Treating Macular Edema Following RVO

Retinal vein occlusion (RVO) affects 16 million people worldwide, usually the middle-aged or older. It is caused by thrombosis, the clogging of the retinal veins, which may occur in the four branch veins that drain blood from the capillaries of the retina – branch vein retinal occlusion (BVRO; Figure 1) – or in the central retinal vein formed by the combination of the four branch veins – central retinal vein occlusion (CRVO). Occlusion may be either ischemic or non-ischemic in nature, with the former having considerably poorer prognosis. Left untreated (or if treatment fails), persistent RVO can lead to macular edema (ME), the swelling or thickening of the macula caused by leaking blood vessels. ME is the primary cause of RVO-related blindness, neovascularization, and retinal detachment. Longer durations of RVO-related ME are associated with poorer outcomes.
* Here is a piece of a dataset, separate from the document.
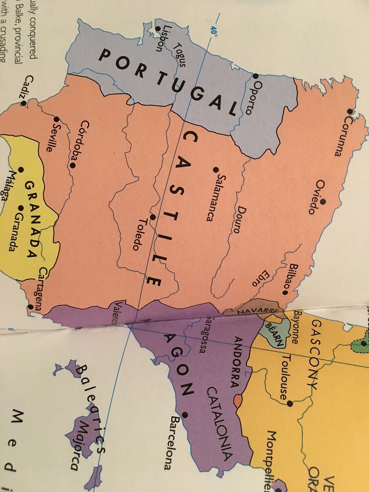 갖고 있는 세계사 책에서 발췌한 지도로, Ad 1400년경 이베리아 반도를 분할 통치하고 있던 왕국들의 영토를 표시하고 있다. 이때까지만 해도 스페인이란 국호는 찾아볼 수도 없었고 카스티야(Castile) 왕국이 톨레도를 중심으로 번성하여 가장 넓은 영토를 개척하였고, 그 오른편으로 바르셀로나를 거점으로 한 아라곤(Aragon) 왕국이 강성하였고, 그 아래로 그라나다를 중심으로 이슬람 세력의 그라나다 왕국이 아름다운 알람브라 궁전의 추억을 간직하며 삼파전으로 통치되어오다, 1469년 아라곤 왕 페르난도와 카스티야 여왕 이사벨과의 결혼으로 연합왕국이 탄생되었고, 1492년 카스티야 연합왕국이 그라나다 왕국을 정복함으로써 이베리아 반도에 에스파뇰이란 통일국가가 탄생하게 되었다. 지도에서 보는 것처럼 그 당시에는 마드리드란 도시는 없었다.

Until fairly recently, there was little that could be done for a patient that developed ME after an RVO episode. The standard care was grid laser photocoagulation for ME in non-ischemic BRVO (1) and observation of macular edema in the case of CRVO (2). Today, it’s a different story:  implantable and injectable drug-based options are available, notably a dexamethasone intravitreal implant (Allergan’s Ozurdex) and inhibitors of vascular endothelial growth factor (VEGF), including an antibody (Genentech’s Lucentis [ranibizumab]) and a fusion protein (Bayer/Regeneron’s Eylea [aflibercept]). Recently, pars plana vitrectomy has also been shown to be effective for improving macular thickness, volume, and sensitivity in patients with macular edema secondary to ischemic CRVO (3).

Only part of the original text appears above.